_Records:_
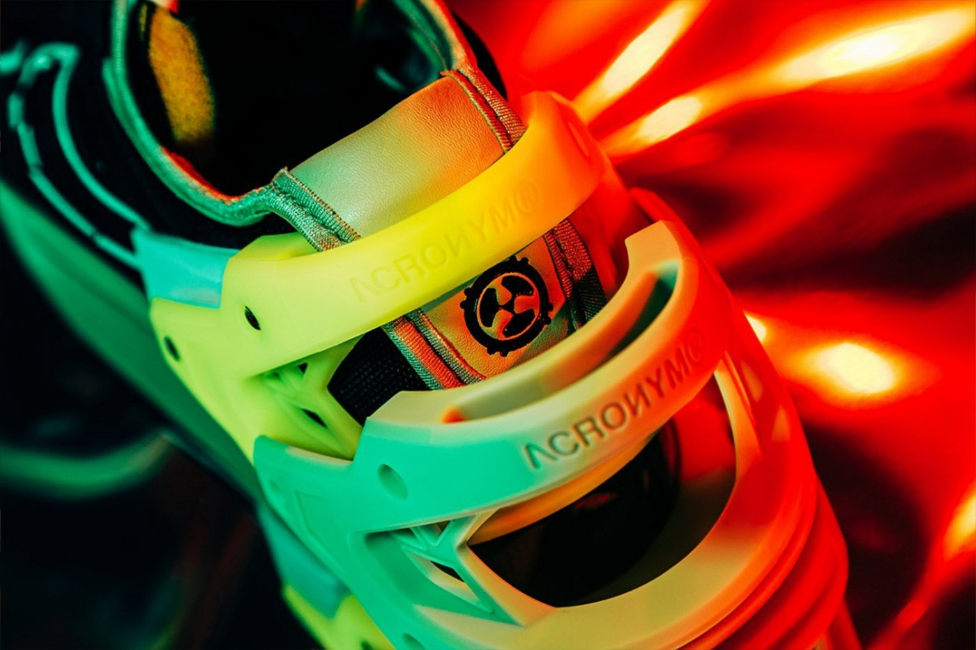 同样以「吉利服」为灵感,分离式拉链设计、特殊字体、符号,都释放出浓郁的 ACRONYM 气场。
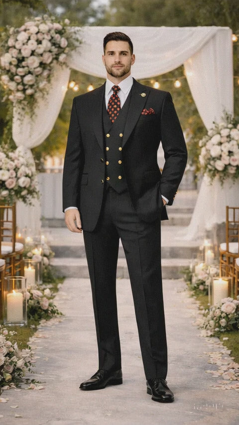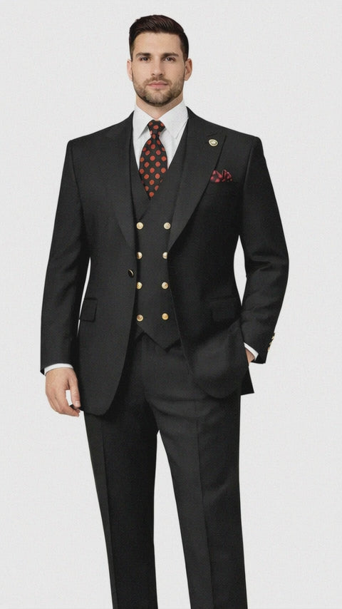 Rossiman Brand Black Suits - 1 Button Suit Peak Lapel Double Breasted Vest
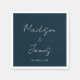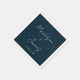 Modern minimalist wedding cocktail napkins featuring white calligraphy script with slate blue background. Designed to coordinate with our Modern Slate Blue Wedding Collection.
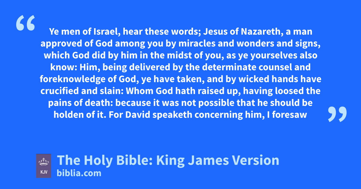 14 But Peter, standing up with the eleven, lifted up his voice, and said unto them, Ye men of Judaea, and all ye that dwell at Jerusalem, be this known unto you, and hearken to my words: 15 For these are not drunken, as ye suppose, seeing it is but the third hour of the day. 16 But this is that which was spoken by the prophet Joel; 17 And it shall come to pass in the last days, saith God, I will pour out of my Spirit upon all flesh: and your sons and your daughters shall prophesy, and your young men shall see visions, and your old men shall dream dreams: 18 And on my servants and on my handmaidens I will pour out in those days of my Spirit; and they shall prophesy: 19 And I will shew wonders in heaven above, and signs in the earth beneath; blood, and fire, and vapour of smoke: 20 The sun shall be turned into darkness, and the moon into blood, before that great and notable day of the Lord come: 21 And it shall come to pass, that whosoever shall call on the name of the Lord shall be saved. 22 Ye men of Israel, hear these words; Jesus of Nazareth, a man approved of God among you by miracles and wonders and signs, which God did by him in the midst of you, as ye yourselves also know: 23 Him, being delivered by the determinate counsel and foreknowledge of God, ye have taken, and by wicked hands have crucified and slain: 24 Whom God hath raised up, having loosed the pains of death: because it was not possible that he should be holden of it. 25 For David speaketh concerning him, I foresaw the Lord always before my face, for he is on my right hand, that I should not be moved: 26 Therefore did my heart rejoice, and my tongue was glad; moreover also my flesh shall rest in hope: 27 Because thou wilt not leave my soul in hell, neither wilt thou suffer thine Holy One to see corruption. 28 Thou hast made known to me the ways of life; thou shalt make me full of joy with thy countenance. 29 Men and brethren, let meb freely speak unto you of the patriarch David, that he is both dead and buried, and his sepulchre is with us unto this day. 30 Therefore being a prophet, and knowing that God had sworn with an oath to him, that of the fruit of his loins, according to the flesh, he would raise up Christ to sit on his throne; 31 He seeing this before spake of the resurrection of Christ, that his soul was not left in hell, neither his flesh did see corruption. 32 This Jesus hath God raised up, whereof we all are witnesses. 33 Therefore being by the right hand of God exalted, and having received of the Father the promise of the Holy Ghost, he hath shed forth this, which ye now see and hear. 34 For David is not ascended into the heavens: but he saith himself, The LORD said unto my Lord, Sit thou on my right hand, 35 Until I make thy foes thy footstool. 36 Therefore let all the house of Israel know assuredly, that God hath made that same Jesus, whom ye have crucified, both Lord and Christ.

--

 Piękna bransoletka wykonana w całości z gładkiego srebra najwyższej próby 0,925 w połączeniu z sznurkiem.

_Your objective:_ Out of the records above, please copy exactly the lines from the line with "同样以「吉利服」为灵感,分离式拉链设计、特殊字体、符号,都释放出浓郁的 ACRONYM 气场。" up to and including the line with "Modern minimalist wedding", minus the pictures.

_Solution for this task:_
 同样以「吉利服」为灵感,分离式拉链设计、特殊字体、符号,都释放出浓郁的 ACRONYM 气场。
 Rossiman Brand Black Suits - 1 Button Suit Peak Lapel Double Breasted Vest
 Modern minimalist wedding cocktail napkins featuring white calligraphy script with slate blue background. Designed to coordinate with our Modern Slate Blue Wedding Collection.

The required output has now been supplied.